Starting a new academic year brings both new challenges and new resources. I'd like to share a resource from the LINCS collection. Interactivate is a set of free web-based resources for Math and Science instruction focused on modeling. There are 187 math lessons, but the lessons on modeling are particularly recommended for adult education classes.
I invite you to check out this resource. Have you used this in the past? If so, how did it work for you/? If you look through this, consider sharing how you would use it with your students.
Sincerely,
Kathy Tracey
Comments
I used something from shodor in the past -- don't remember what it was, but I remember being impressed with it :)
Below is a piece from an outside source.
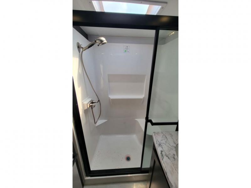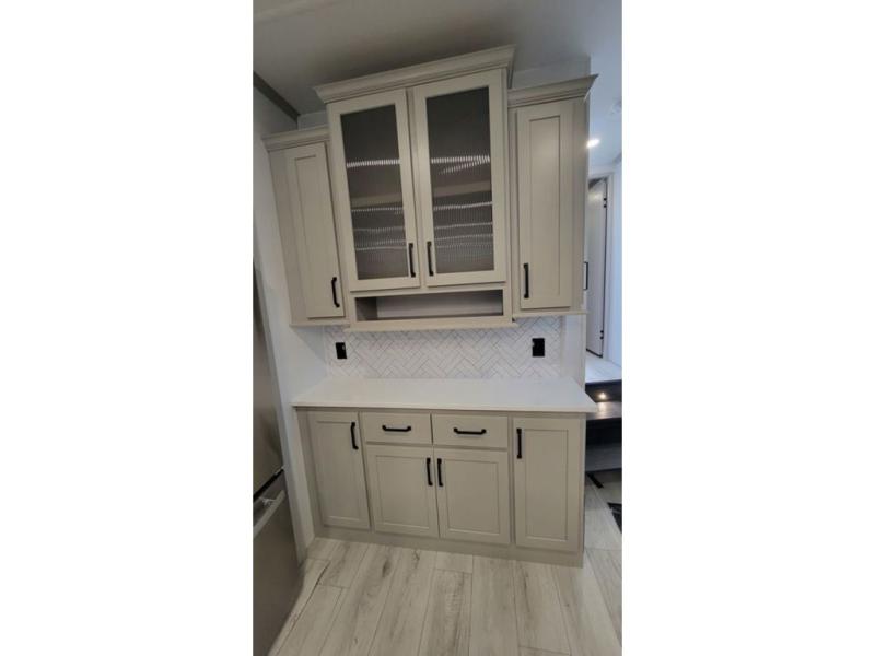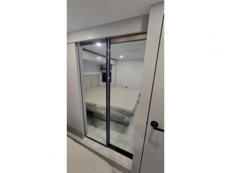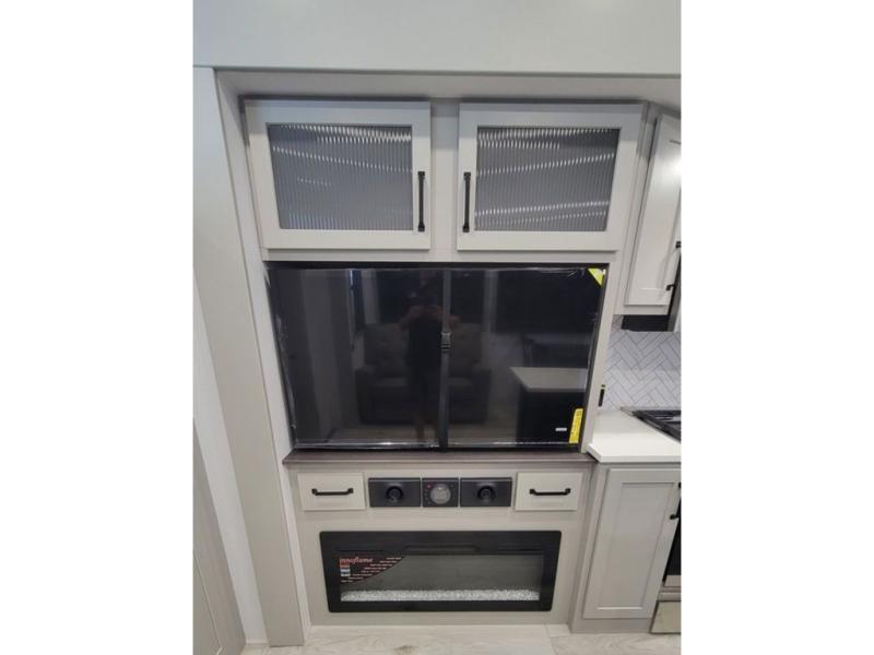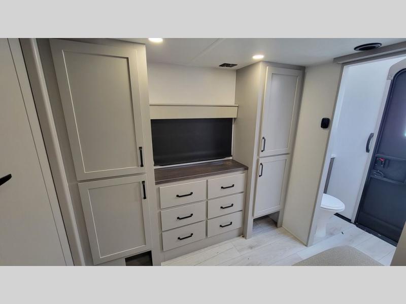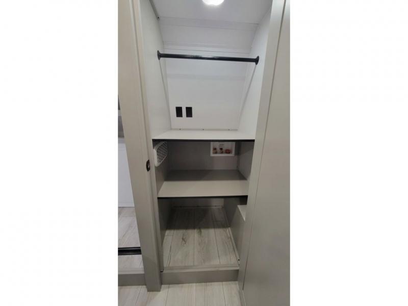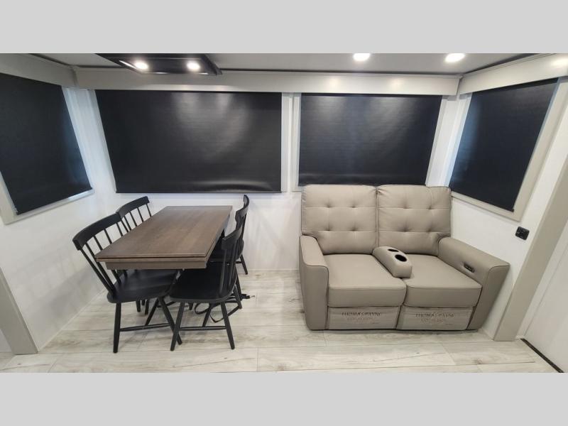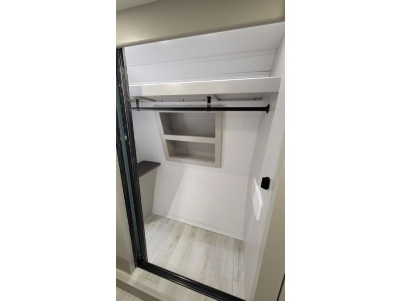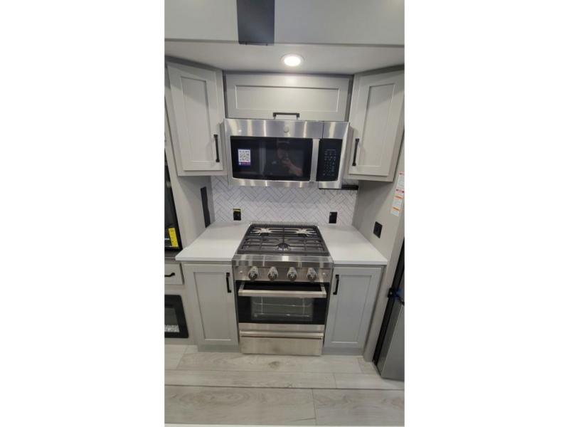 Two full bathrooms and two private bedrooms make this fifth wheel perfect for camping with friends and family. The front bedroom includes a king bed with a queen bed option, a large front wardrobe, plus stackable washer and dryer prep. The rear master bedroom has two closets plus a dresser and underbed storage, plus its own full bath with an exterior entry door for convenience. There is even a loft above the rear bedroom for even more sleeping space! Everyone can meet in the main living area/kitchen to relax on the power theater seat as the chef cooks dinner, and you can watch a show on the Smart HDTV to pass the time. The kitchen island will provide more counter space, along with the hutch that includes overhead cabinets as well. Don't let this luxury fifth wheel slip away!

Looking at the list now, I thought "these are 'way above what we're doing," but I kept scrolling and there are lessons for more basic things. http://shodor.org/interactivate/activities/AreaExplorer/ is a cool "area explorer." Now, the questions that go with it -- for grades 3-5? - are complex text and jump straight to the abstract generalities. Students who are "exploring" would benefit from a little more guidance, I suspect. What's a "grid line intersection" anyway? A corner? No, I think we're counting lines -- essentially counting out the perimeter... so asking "what's the correlation" .. it just feels uncomfortable. Still, I could see using this and having students have directions for filling in the "record sheet" and facilitating discovering the different shapes with same perimeter and different areas...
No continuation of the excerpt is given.